Model Identification and Data Analysis course project at University of Pavia
Developed in collaboration with: @simoneghiazzi, @riccardocrescenti, @chiarabertocchi and @lucacolombo97
Goal: identification of an annual profile model for the long-term prediction of the Italian energy consumption time series
The provided dataset is composed of Italian energy consumption data for a two-year period.
From initial observations of the available dataset, there is a periodic pattern, both annual and weekly. For this reason, Fourier Series will be used in the development of the model.
The first step is to make the series stationary on average through the operation of detrending
For what concern the training and the validation of the model, the dataset is divided as follows:
- Training: energy consumption data of the first year
- Validation: second year energy consumption data
2 main models have been developed for the 2 different periodicities detected in the data:
- Weekly periodicity model: Phi_settimanale consisting of 6 harmonics, of period 7
- Annual periodicity model: 12 annual models were developed, up to 24 harmonics
A new validation Phi was created for the weekly model, using the weekly days of validation data: 12 final models were created consisting of the sum of the weekly validation model and the annual models created in the training phase.
Using the AIC and Crossvalidation tests, the model that best represents the data is chosen.
AIC Test:
CrossValidation Test:
From the tests we see that the best annual model is model 10, consisting of 20 regressors.
For this model we calculated:
- MSE = 3.836955832
- RMSE = 1.958814904
Validation Data 3D Plot:
Final Model Surface:
An analysis of the error histogram shows a concentration of errors around zero. However, there is an "anomalous" zone between -6 and -10, which represents the errors found in correspondence with the holidays.

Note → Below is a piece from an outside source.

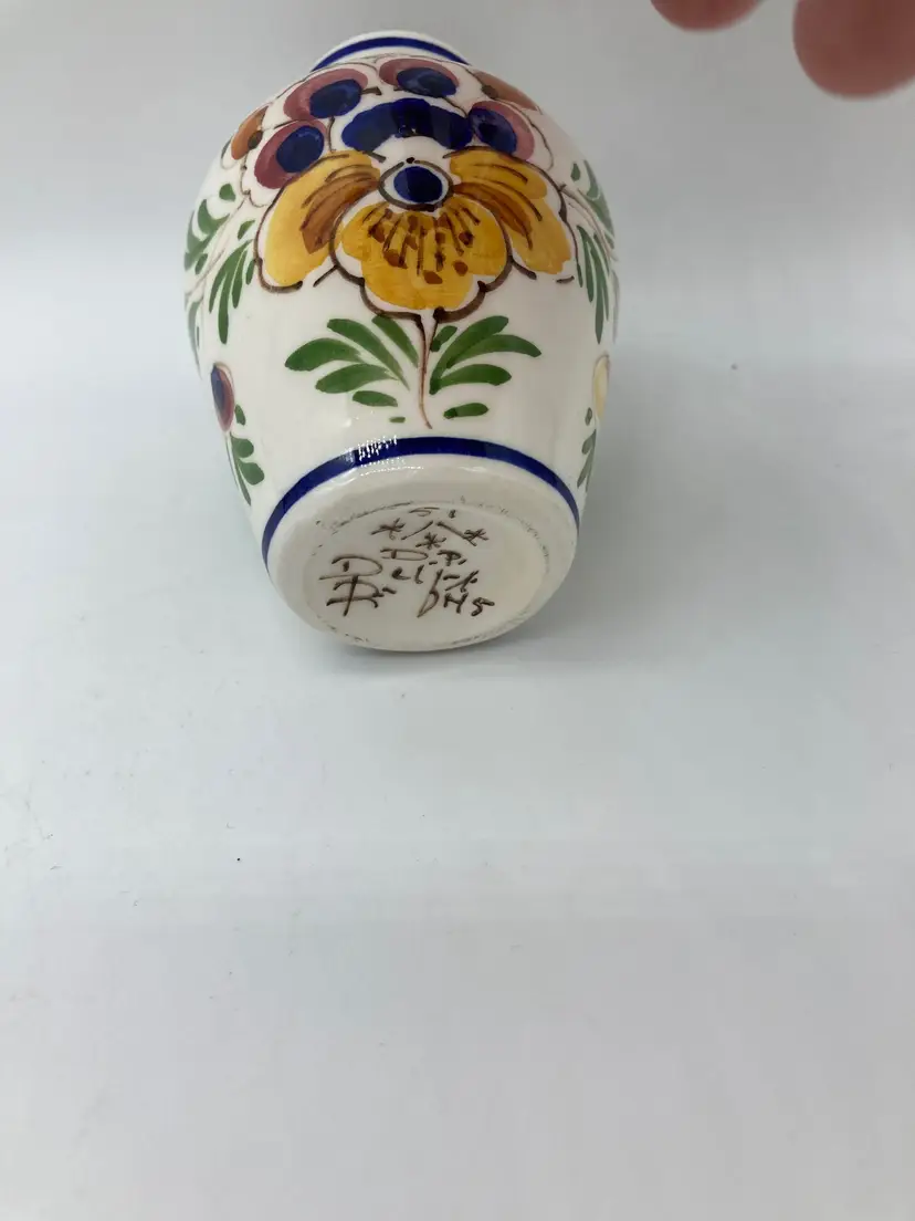 Vintage Delft De Delftse Pauw Hand-Painted Ceramic Vase
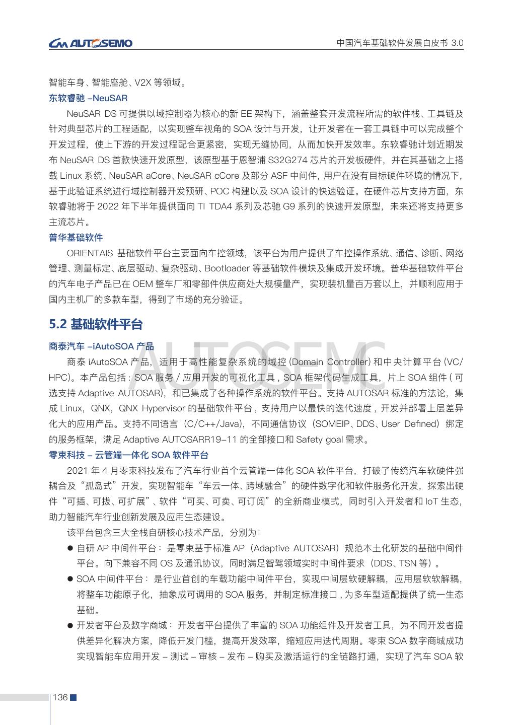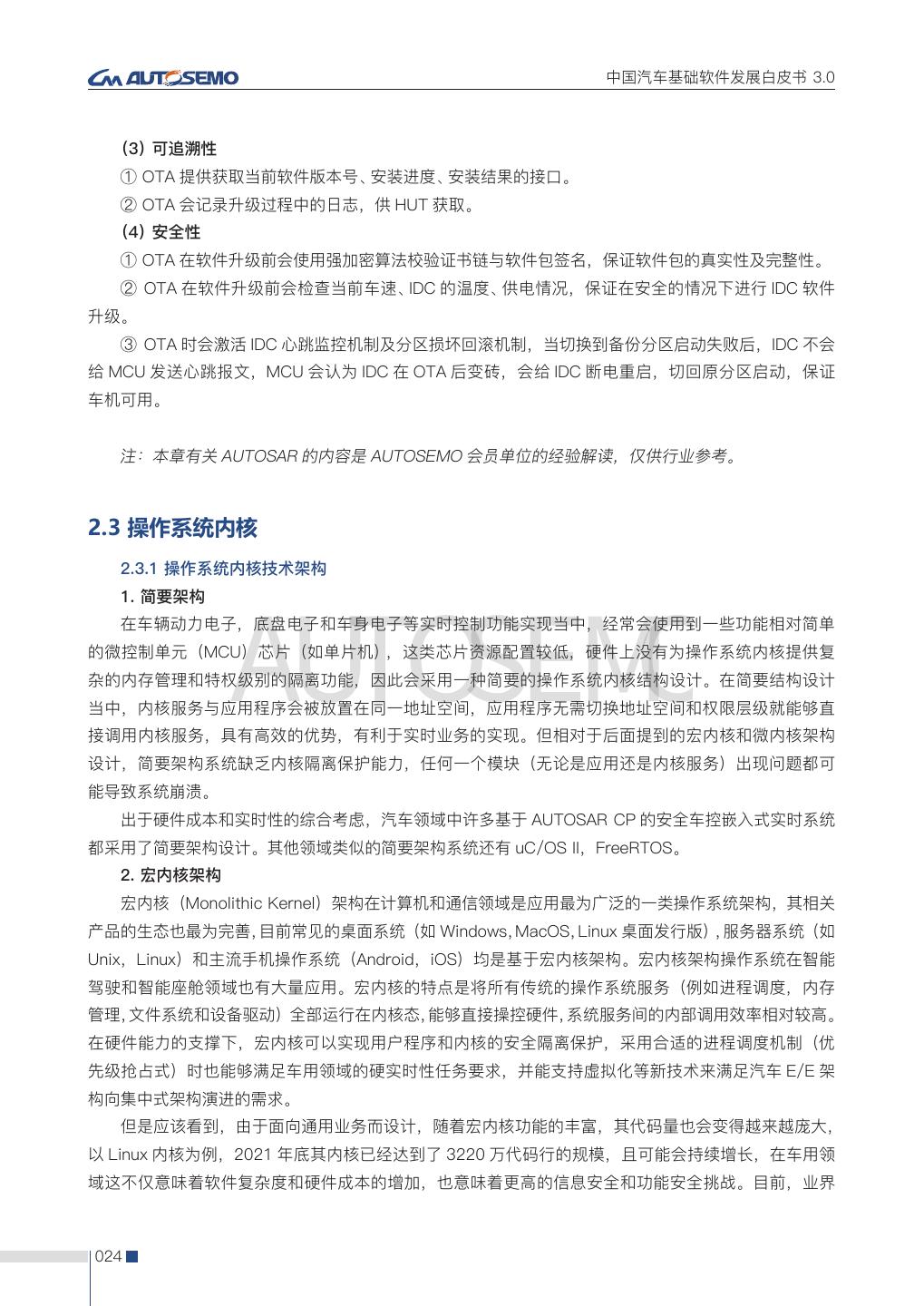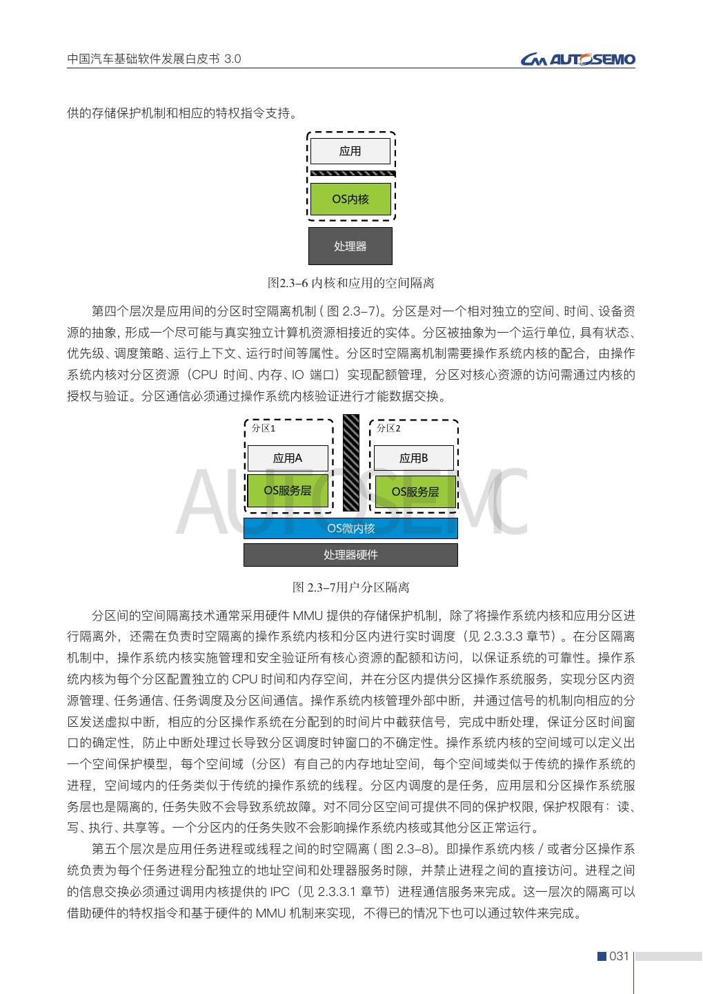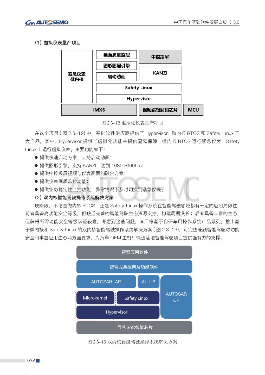 4 .中国汽车基础软件发展白皮书 3.0 目录 CONTENTS 第 1章 智能汽车车用基础软件平台概述 1.1 智能汽车车用基础软件平台的定义与分类�����������������������001 1.1.1 智能汽车车用基础软件平台定义������������������������001 1.1.2 智能汽车车用基础软件开发平台分类����������������������001 1.2 智能汽车车用基础软件开发平台的要素������������������������002 1.2.1 嵌入式软件���������������������������������002 1.2.2 开发方法论���������������������������������003 1.2.3 配套工具链���������������������������������003 1.3 智能汽车车用基础软件平台发展现状�������������������������004 AUTOSEMO 1.3.1 大众 VW·OS��������������������������������004 1.3.2 丰田 Arene·OS�������������������������������005 1.4 白皮书内容简介����������������������������������005 第 2章 智能汽车车用基础软件的内核和中间件 2.1 AUTOSAR CP����������������������������������007 2.1.1 技术形态����������������������������������007 2.1.2 技术发展趋势��������������������������������010 2.1.3 关键技术解读��������������������������������011 2.1.4 典型应用案例��������������������������������014 2.2 AUTOSAR AP����������������������������������017 2.2.1 技术形态����������������������������������017 2.2.2 技术发展趋势��������������������������������019 2.2.3 关键技术解读��������������������������������021 2.2.4 典型应用案例��������������������������������021 2.3 操作系统内核�����������������������������������024 2.3.1 操作系统内核技术架构����������������������������024 2.3.2 技术发展趋势��������������������������������025 2.3.3 关键技术解读��������������������������������026 2.3.4 典型应用案例��������������������������������037 I

As can be seen from the graph, the periods of greatest fluctuation in the validation epsilon (which represents the magnitude of the error) are those in correspondence with holidays, where:
- Blue: Easter
- Yellow: mid-August
- Red: Christmas
The final model was then retrained on the data without the holiday periods (Christmas and mid-August holidays, which have a fixed date) to improve the prediction of "normal" days. An average was made on the data values assumed during these holiday periods, which was then added to the final model as a "correction index".
In this way the validation parameters improve:
- SSR = 1.186772448087091e+03
- MSE = 3.251431364622168
- RMSE = 1.803172583149535
The final function takes in input 2 scalars (day of the year, day of the week) and returns the prediction of energy consumption. It consists of:
- A method for solving null values
- Detrending technique: estimation of the trend of the 2 years
- Identification of the model on the 2 years supplied data
- Generation of the matrix containing all possible combinations day year - day week
- Trend extension: extension of the last value of the trend that is added to the data of forecast
The forecast data is then read from the matrix using the 2 input indices.